Surgery for creation of an internal J-pouch or reservoir can be performed in either two or three operations referred to as "stages." Your medical care team will decide if the three stage procedure or the two stage procedure is best for you. This recommendation will be base on your specific condition and your health. Your surgeon and your Gastroenterology (GI) doctor will discuss this with you.
You and your family may find it helpful to discuss the operation with someone else who has already had the procedure. Your surgeon or outpatient nurse will make every effort to match you up with someone of similar age and gender to speak with either by phone or in person.
Boston Children's Hospital's approach to total colectomy for Ulcerative Colitis (UC) and Familial Adenomatous Polyposis (FAP) is unique when compared to many other pediatric hospitals. Many children with UC or FAP may be candidates for a laparoscopic operation.
In traditional "open" surgery, the surgeon uses a single incision to enter into the abdomen. In laparoscopic surgery, the surgeon uses several small (3-5 millimeter) incisions through which surgical instruments are inserted and withdrawn. Each incision site is called a "port incision". At each port incision, a tubular instrument, called a trocar, is inserted into the abdomen. Specialized small instruments and a special tiny camera, called a laparoscope, are passed through the trocars during the operation.
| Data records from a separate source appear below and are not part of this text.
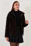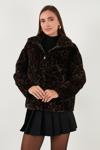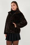 Lela Oversize Fit Dik Yaka Fermuarlı Bayan Kürk 497ZETA LEOPAR
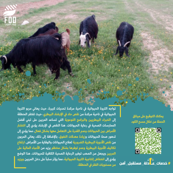 I. دعم توفير الأدوية البيطرية بأسعار مدعومة للمربين لضمان حصولهم على العلاج لحيواناتهم، وتنظيم حملات تطعيم دورية للحيوانات لمكافحة الأمراض والوقاية منها.
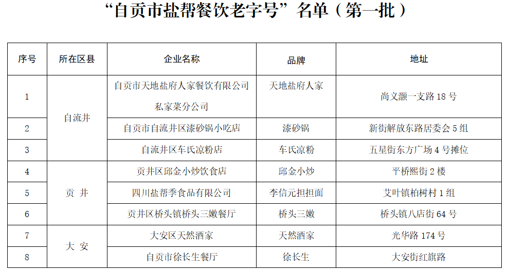 (二)“自貢市鹽幫餐飲20年老字號(hào)”品牌創(chuàng)立時(shí)間需在2001年以前;“自貢市鹽幫餐飲30年老字號(hào)”品牌創(chuàng)立時(shí)間需在1991年以前;“自貢市鹽幫餐飲50年老字號(hào)”品牌創(chuàng)立時(shí)間需在1971年以前。(品牌創(chuàng)立時(shí)間需提供相應(yīng)佐證材料)
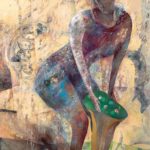 この度絵画部奨励賞をいただきまた準会員に推挙いただき身の引き締まる思いです。「古代への憧れ」をテーマに縄文時代、マヤ文明などの遺跡や土器など古代人が造形してきたものを自分なりに表現したくいろいろな素材を使いながら作品づくりをしてきました。今は古代人の風の軌跡を感じるような作品ができたらという思いです。これを機会に一層絵の世界を広げていきたいと思います。
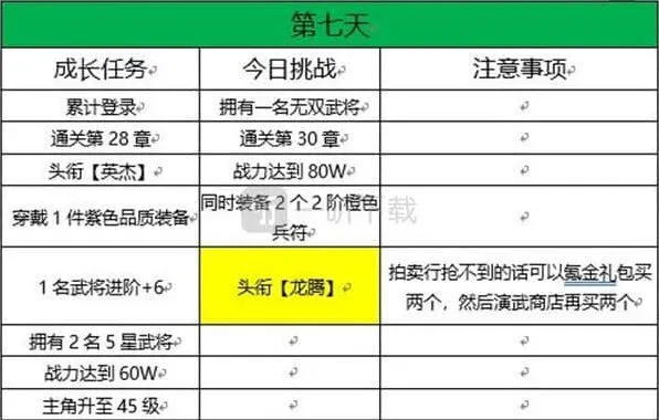 6:前七天先尽量均衡发展,七天后再走极限,方便完成任务(武将进阶及装备品质)

At the beginning of the procedure, the abdomen is inflated (filled) with filtered air to provide a space for the surgeon to work. This space also helps the surgeon view the abdominal organs more easily. The laparoscope sends images (pictures) from the abdominal cavity to high-resolution video monitors in the operating room. During the operation the surgeon watches detailed images of the abdomen on the monitor. This system allows the surgeon to perform the same operation as traditional "open" surgery, but with smaller incisions.
We use these laparoscopic techniques to safely remove the entire colon and the lining of the rectum. This operation is performed using a combination of the incisions described above and a small version of the incision that babies are delivered through during C-section deliveries. Dissolvable stitches are used to close the incision sites.
- Laparoscopic surgery is sometimes referred to as "minimally invasive surgery".
- Each patient's clinical condition will determine whether an open or laparoscopic surgical procedure is recommended by the surgeon.
- Patients who have a laparoscopic procedure may recover more quickly and return to normal activity in a shorter period of time.
- Some benefits of laparoscopic surgery include: less post-operative pain, decreased length of hospital stay, smaller incisions, lower risk of cardiopulmonary complications, and reduced risk of small-bowel obstruction.
- Patients who have had previous abdominal surgery may still be candidates for laparoscopic surgery.
- Scars after laparoscopic surgery are significantly smaller than the scar left after a traditional "open" operation.